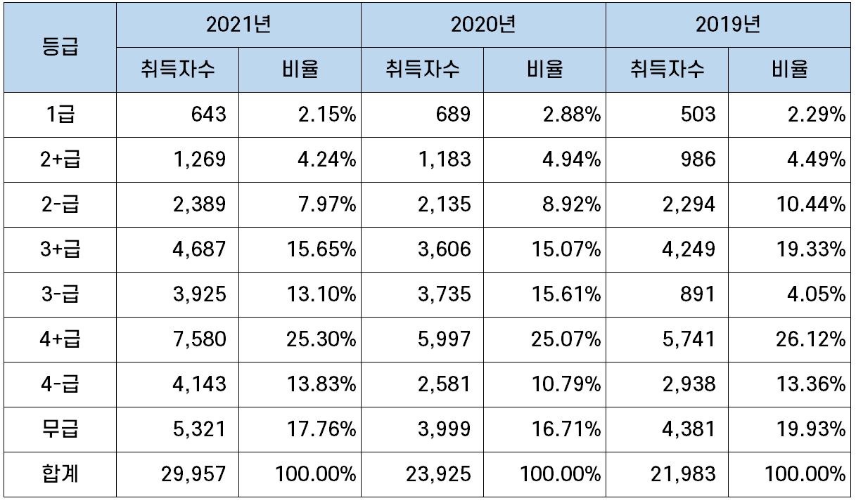 | 1급 | 643 | 2.15% | 689 | 2.88% | 503 | 2.29% |
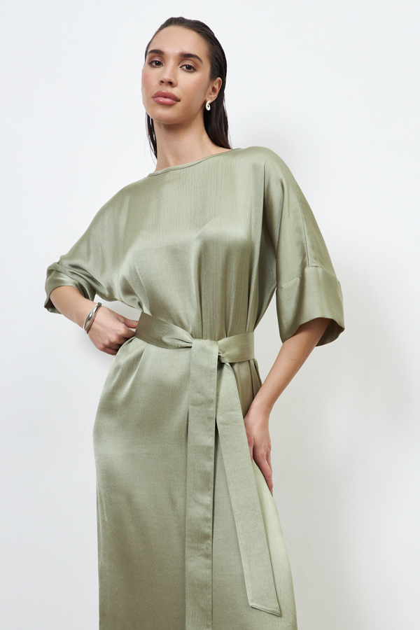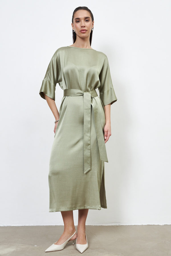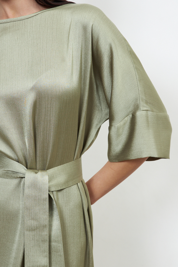Платье из вискозной ткани с крэш-эффектом. Свободный силуэт, с разрезом в боковом шве. Круглый вырез горловины окантован косой бейкой из основной ткани. Цельнокроеный рукав с притачной манжетой. В комплекте пояс из основной ткани. В таблице размеров представлены параметры человека, а не изделия.
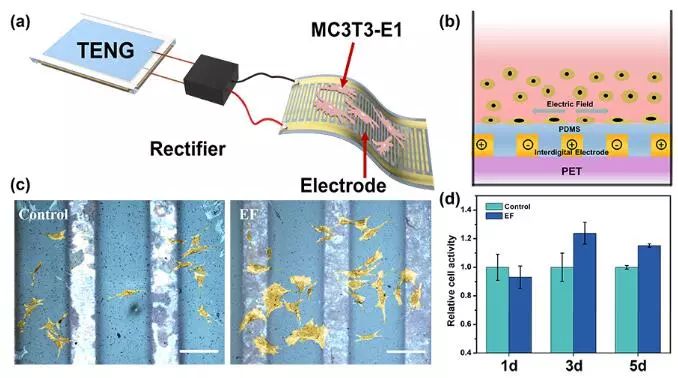 中国科学院北京纳米能源与系统研究所李舟课题组一直聚焦于TENG在生物医学领域的应用,2014年首次利用大鼠呼吸产生的电能驱动心脏起搏器(DOI: 10.1002/adma.201402064),2016年成功将心跳产生的机械能转化为电能,实现了自驱动的心率远程实时监控(DOI: 10.1021/acsnano.6b02693)。因此,基于上述设想与研究基础,李舟研究团队、中国医学科学院北京协和医院博士田静静与北京积水潭医院石锐研究团队三方合作,基于TENG的基本原理设计了一种自驱动电刺激器件,并采用前成骨细胞MC3T3-E1进行体外电刺激实验,通过体外实验证明所构建的自驱动电刺激器件能够促进成骨细胞的粘附、增殖和分化等过程,经过3小时的电刺激,细胞粘附率比对照组增加了72.76%,电刺激3天后,细胞增殖率提高了23.82%。另外,为了证明所设计的TENG能够成功收集生物体的微纳能源,研究人员将构建的柔性TENG植入老鼠的股骨表面,发现在老鼠腿部运动时能够成功驱动TENG输出电学信号,证明了该自驱动电刺激器件进行原位刺激的潜力,也为临床治疗骨折和骨移植后的骨重塑提供了新的研究方向。

__AIM OF THE EXERCISE__: Your task is to restate word for word the lines from the one containing "Платье из вискозной" through the last line of the data, both ends included, with no pictures.

__TASK RESULT__:
Платье из вискозной ткани с крэш-эффектом. Свободный силуэт, с разрезом в боковом шве. Круглый вырез горловины окантован косой бейкой из основной ткани. Цельнокроеный рукав с притачной манжетой. В комплекте пояс из основной ткани. В таблице размеров представлены параметры человека, а не изделия.
 中国科学院北京纳米能源与系统研究所李舟课题组一直聚焦于TENG在生物医学领域的应用,2014年首次利用大鼠呼吸产生的电能驱动心脏起搏器(DOI: 10.1002/adma.201402064),2016年成功将心跳产生的机械能转化为电能,实现了自驱动的心率远程实时监控(DOI: 10.1021/acsnano.6b02693)。因此,基于上述设想与研究基础,李舟研究团队、中国医学科学院北京协和医院博士田静静与北京积水潭医院石锐研究团队三方合作,基于TENG的基本原理设计了一种自驱动电刺激器件,并采用前成骨细胞MC3T3-E1进行体外电刺激实验,通过体外实验证明所构建的自驱动电刺激器件能够促进成骨细胞的粘附、增殖和分化等过程,经过3小时的电刺激,细胞粘附率比对照组增加了72.76%,电刺激3天后,细胞增殖率提高了23.82%。另外,为了证明所设计的TENG能够成功收集生物体的微纳能源,研究人员将构建的柔性TENG植入老鼠的股骨表面,发现在老鼠腿部运动时能够成功驱动TENG输出电学信号,证明了该自驱动电刺激器件进行原位刺激的潜力,也为临床治疗骨折和骨移植后的骨重塑提供了新的研究方向。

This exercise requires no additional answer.